DIRECTIONS FOR THIS TASK
Return the listing exactly as it appears, but strip out the images.

DATA EXTRACT
****************

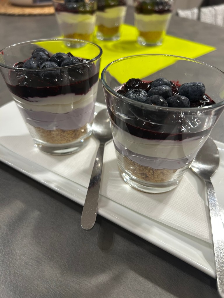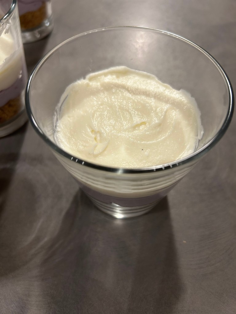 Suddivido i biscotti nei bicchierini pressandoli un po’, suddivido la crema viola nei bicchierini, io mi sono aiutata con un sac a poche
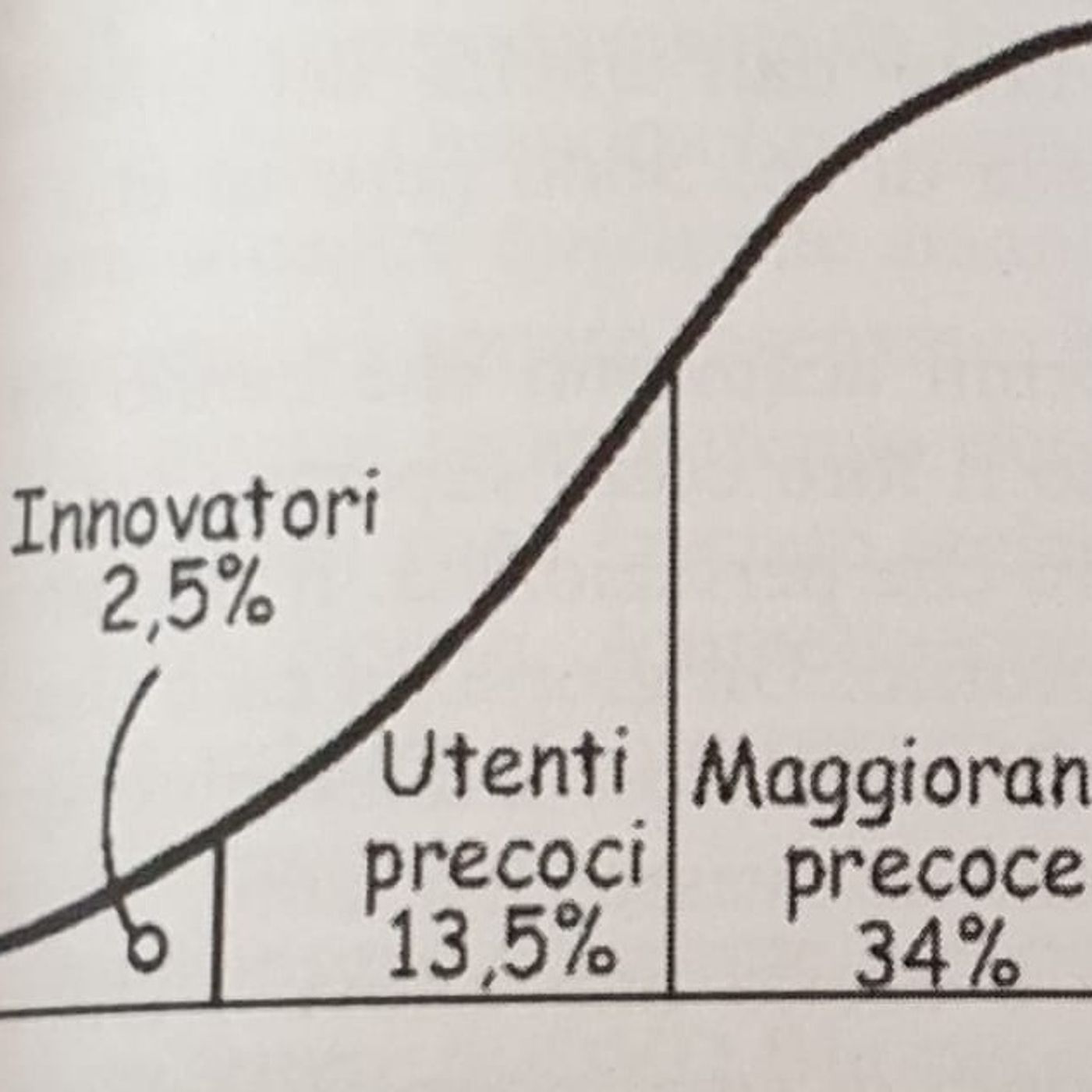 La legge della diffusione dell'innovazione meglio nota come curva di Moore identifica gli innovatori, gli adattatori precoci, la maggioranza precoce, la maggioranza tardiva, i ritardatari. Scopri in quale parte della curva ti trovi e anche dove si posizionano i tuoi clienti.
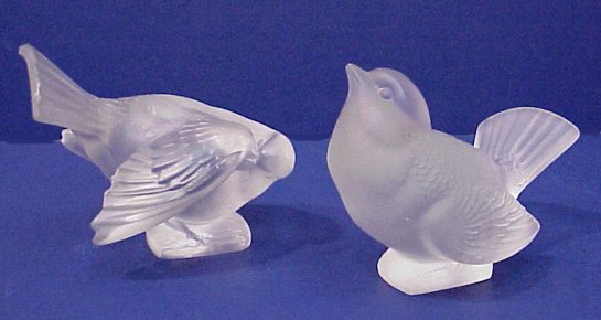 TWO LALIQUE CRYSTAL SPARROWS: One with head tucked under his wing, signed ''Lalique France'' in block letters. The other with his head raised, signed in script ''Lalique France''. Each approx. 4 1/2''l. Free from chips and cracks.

****************

TASK ANSWER
 Suddivido i biscotti nei bicchierini pressandoli un po’, suddivido la crema viola nei bicchierini, io mi sono aiutata con un sac a poche
 La legge della diffusione dell'innovazione meglio nota come curva di Moore identifica gli innovatori, gli adattatori precoci, la maggioranza precoce, la maggioranza tardiva, i ritardatari. Scopri in quale parte della curva ti trovi e anche dove si posizionano i tuoi clienti.
 TWO LALIQUE CRYSTAL SPARROWS: One with head tucked under his wing, signed ''Lalique France'' in block letters. The other with his head raised, signed in script ''Lalique France''. Each approx. 4 1/2''l. Free from chips and cracks.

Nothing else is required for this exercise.